Even as a designer who believes great products only exist because of great experience design, I nearly fell for the "AI did a good enough job — just build it" trap.
A few weeks ago, I was designing a way for Deck to consolidate and analyze all of a company's NPS scores.
I started by creating the databases, backend, and logic for identifying NPS scores in incoming feedback data. Only then did I move to the frontend and explore designs.
I wanted to ship in two days.
For the frontend, I convinced myself: "The real value comes from Deck identifying, synthesizing, and organizing the NPS data. Users just need to land on the page and read everything to grasp what their customers like and don't like."
That was a trap.
I convinced myself that the output the model showed me (based on some very simple designs) was enough to meet my quality bar. And I fell for it.
I call it the "AI Output Trap": tricking yourself into accepting what the LLM produced, justifying it as enough because the true value comes from the AI synthesis.
But it wasn't enough.
If the frontend doesn't have great design that properly delivers the LLM's output, no value is added.
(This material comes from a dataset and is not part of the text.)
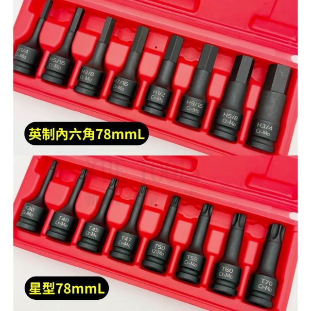 內六角套筒 星型套筒 六角套筒組 星型套筒組 星形套筒 英制 氣動 4分 1/2 凸頭 凸六角 台灣製

Only noise.
Also: we can shape LLM output any way we want. The LLM will never be the blocker to good design.
It can, however, become the benchmark companies hold themselves to. When humans work in groups, groupthink is always at play. And for some reason, the default thinking in most companies is "let's meet the minimum possible" rather than "let's do the absolute best we can."
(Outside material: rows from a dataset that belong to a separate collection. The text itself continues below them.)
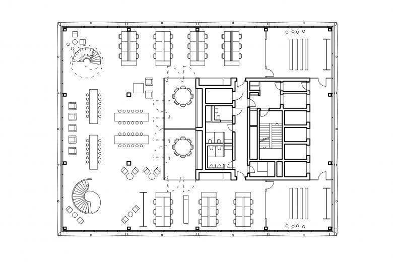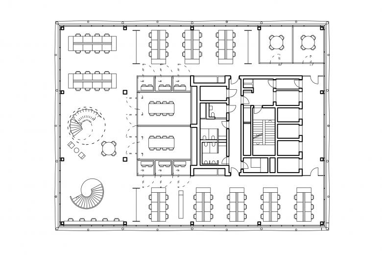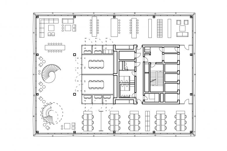 While stairs in the building’s base are straight, they curve to form ever-narrower spiral staircases in the tower above. These staircases provide access between the three-storey “neighbourhoods” stacked one atop the other, each of which contains a kitchenette, a break area, various informal meeting spaces, office workspaces, and conference rooms. The conference rooms are concentrated in the building’s open-plan centre, where they are organised around a stair core and wrapped in perforated wood sheathing. Large pivot doors create generous openings in the sheathing, blurring the threshold between the work and meeting spaces on either side.
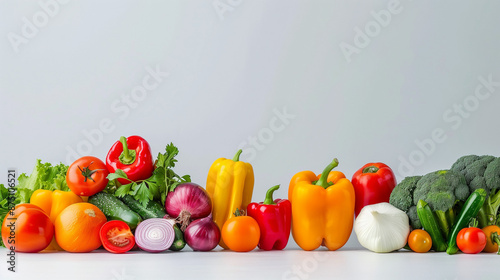 front view vitamin color grading group of vegetable wallpaper, plain white background HD 8K
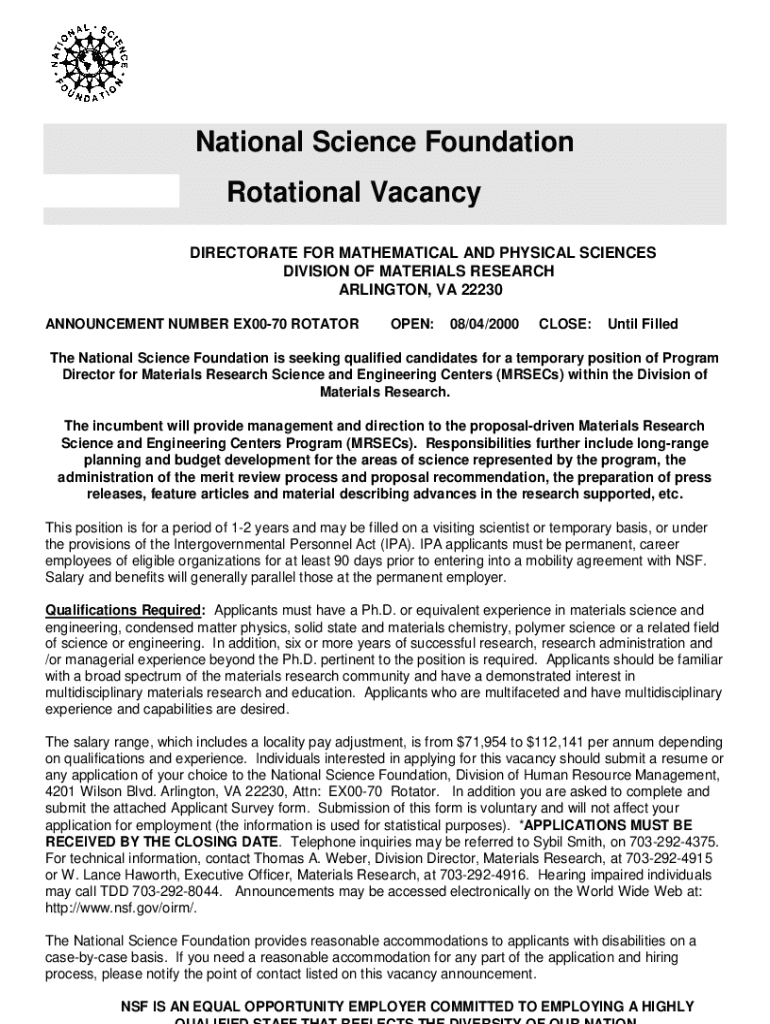 National Science Foundation Rotational Vacancy DIRECTORATE FOR MATHEMATICAL AND PHYSICAL SCIENCES DIVISION OF MATERIALS RESEARCH ARLINGTON, VA 22230 ANNOUNCEMENT NUMBER EX0070 ROTATOROPEN:08/04/2000CLOSE:Until

I had to force myself to throw the design away and start from scratch. Twice. That was hard.
I do believe this will be a big challenge of the future. Just because design and code are so easy to produce, people will accept the basics and move on.
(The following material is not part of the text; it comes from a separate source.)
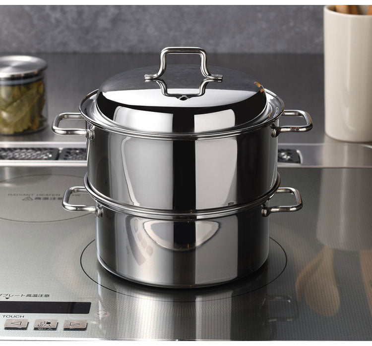 オークス スチームポット 蒸し器 17cm 日本製 燕三条 ステンレス2段蒸し器 IH対応 ガス火対応 せいろ オールステンレス ステンレス鍋 お手入れ簡単 スタッキング コンパクト収納 蒸篭 蒸し野菜

Mostly, it has always been this way. There's no reason to change now just because AI appeared.
Part of your job as a builder will be to have standards high enough to say: "No. I won't accept this because I can do better. The LLM can do better if I give it great context."
In my opinion, this will be a huge competitive advantage for future companies.
The best part? This entire battle happened in five days total. Three days initially, then two extra days to discard and rebuild with improved design. Considering how long this would have taken without AI, that's nothing.
The mind was the trap. The willingness to accept average just to ship the next thing and get the next "output high".
Don't fall for it. Battle your mind. Win the AI Output Trap.